Falta de sociabilidade e Ócio

Meu nível de sociabilidade tem diminuído drasticamente. Há momentos e momentos, mas o brilho de boa parte das coisas estimadas socialmente já se foi.

Já ouvi falar que pareço um velho, pois acabo preferindo ficar em casa do que sair. Muitas vezes prefiro minha companhia do que a dos outros.

Após refletir sobre a comparação percebi que muitos velhos, por limitações físicas e cansaço de uma longa jornada, conseguem apreender a vida de maneira mais clara. Percebem que a vida não tem muito a oferecer, não se preocupa com ninguém, não faz sentido, e no fim leva a todos para debaixo da terra. Eles já não conseguem se iludir muito.
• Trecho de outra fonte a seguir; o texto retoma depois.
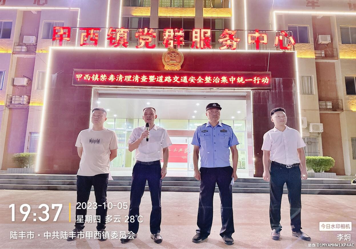 根据省委、市委“百千万工程”关于维护社会治安稳定、保障民生常态等工作部署,进一步确保中秋国庆双节期间我镇社会大局平安稳定,全面加强本辖区涉毒全要素排查整治管控和道路交通安全整治。10月5日晚,甲西镇党委、政府组织镇村领导同志、驻村民警、驻村工作组、禁毒突击队、网格联防员等力量,在新青村和228国道南甲公路、甲港公路等主要交通路段开展禁毒清理清查暨道路交通安全整治集中统一行动。
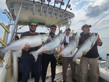 Full Day (8-9 Hours) Guided Salmon Fishing Trips on Lake Ontario in our fully equipped Albemarle 265 Fisherman Express. You need to bring nothing but your favorite snacks and drinks and a big cooler!
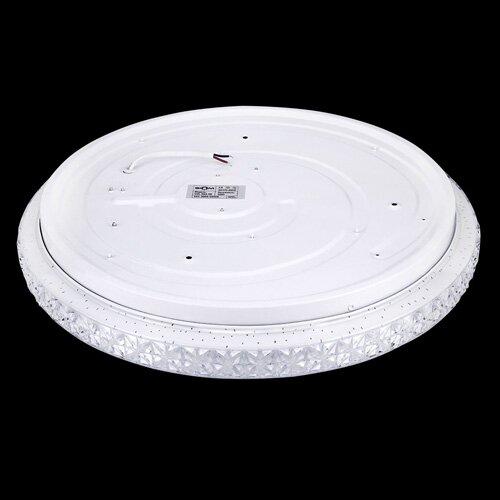 Этот накладной светодиодный светильник имеет мощность 36 Вт, что эквивалентно 325 Вт для лампочки накаливания. Он излучает нейтральный свет с цветовой температурой 5000 К. Изделие имеет круглую форму, матовый рассеиватель и окрашен в белый цвет. Напряжение питания составляет 175-265 В, световой поток –; 2880 лм, а световая отдача – ; 80 лм/Вт. Углы свечения доходят до 170°, а индекс цветопередачи равен 80 единиц. Класс защиты устройства –ndash; IP20, пульт в комплект поставки не входит.

Então, é quando podem pendurar as chuteiras e aceitar tudo isto sem se desgastar tentando mudar o mecanismo. Apreende-o e aceita-o. O fim da máquina está próximo. Não há motivos para lutar.

Quando jovens, todos lutam por ideais, procuram gastar sua energia em prol deles. Trabalho, escola, filhos, humanidade e assim vai. Alguns gastam todo seu tempo para tentar ganhar um pouco dele no fim da vida.

Uma forma de tentar dar sentido para tudo ou para tentar financiar uma felicidade futura, fantasia do além. Quando a velhice chega, percebe-se de maneira mais forte que a morte está por perto, então começam a deixar as preocupações de lado e se distrair com coisas mais simples.

Os mais jovens não se dão conta. Não precisam viver planejando algo que podem viver no presente. Basta pularem todo o estágio da corrida insana.

Esta foi minha opção: menos preocupação, menos correria, mais ócio, mais tranquilidade. Direto ao ponto, sem precisar de mais dinheiro ou de mais idade. As obrigações que tenho são as que considero necessárias para viver, evitar o tédio e ter algum prazer.

Não precisei de limitações físicas, nem muitos anos nesta jornada. Não precisei abandonar minha vida em busca de dinheiro e de posição social. Cheguei aqui com altas doses de reflexões.

Deixei as ambições de lado. Larguei as preocupações que não me levam a qualquer lugar. Não vejo utilidade em grande parte das conversas que ouço. Não vejo graça em muitos encontros sociais. Não me sinto à vontade com várias pessoas.

Pelo acaso fui equipado com doses de bom humor, que ainda recebo com boa frequência, o que facilita a minha interação social, quando necessária. O que não significa que desejo ter as obrigações sociais aceitas pela grande maioria ou viver em função da atenção dos outros.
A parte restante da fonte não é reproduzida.